Frankly, I'm sick and tired of that lame argument. And in this case, it's idiocy. "Reversing course" in the case would have been "problematic" but doing so after you've gotten it established as a legal principle that it's up to the OCC to enforce state financial consumer protection laws wouldn't be? What shift, what "change" in regulatory policy are you talking about here? Is the agency going to get far more aggressive? No, it doesn't have the staff or the budget. Oh, maybe the intention is to change the law to undo the federal preemption? Fine - except that if SCOTUS rules the way the Obama team is urging, until that happens there would be for practical purposes no state-level financial consumer protection laws because there would be no way to enforce them. I can already hear the drips into the puddles of drool falling from the lips of a boatload of cheats, chislers, and con artists - including the banks.

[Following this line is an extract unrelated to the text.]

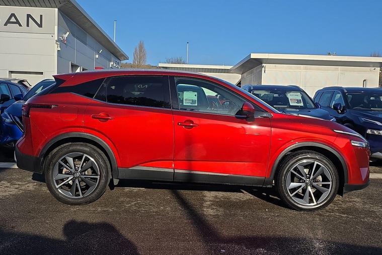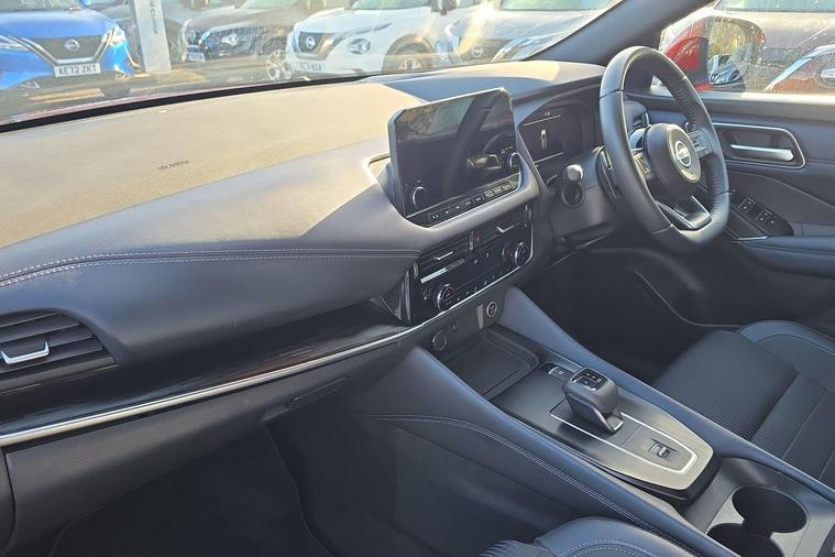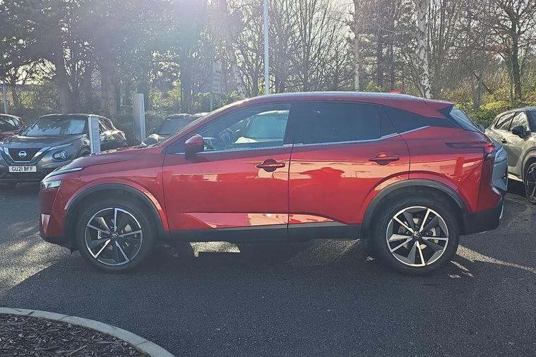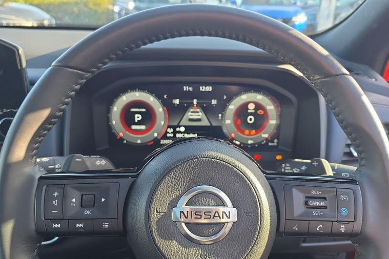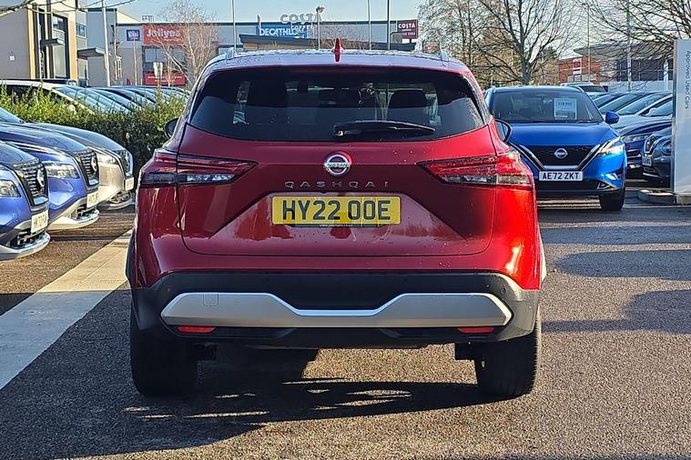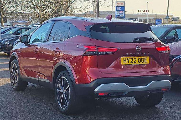 This 2022 Nissan Qashqai DIG-T Tekna is a superb example, having been owned by just one person and boasting exceptionally low mileage for its age at only 22, 068 miles. This Euro 6 compliant 1.3L Petrol Hybrid model comes with Nissan manufacturer approval, offering peace of mind. It is equipped with an Intelligent Around View Monitor featuring a 360 degree camera and parking assistance, a dusk sensor that automatically turns on the headlights, and Blind Spot Warning with Intelligent Blind Spot Intervention. Furthermore, front and rear parking sensors are included for added convenience.

Updated with a clarification: The Obama team's filing would only shield OCC-chartered banks from state-level enforcement. Only "national" banks are OCC-chartered banks. But since pretty much any state-chartered bank with a single branch in another state can switch from being state-chartered to OCC-chartered (or even vice-versa if that seems immediately advantageous), that's very little protection. As the MJ article notes,
the OCC’s light touch with national banks prompted many state-chartered banks to switch their charters just so they could evade stricter state regulation.
So while it would not be true that an Obama win at SCOTUS would mean there was no state-level financial consumer protection, I think the statement that "for practical purposes" there would be none is accurate.

Updated also with the link to the item about the regulations used as the basis for the suit against Spitzer.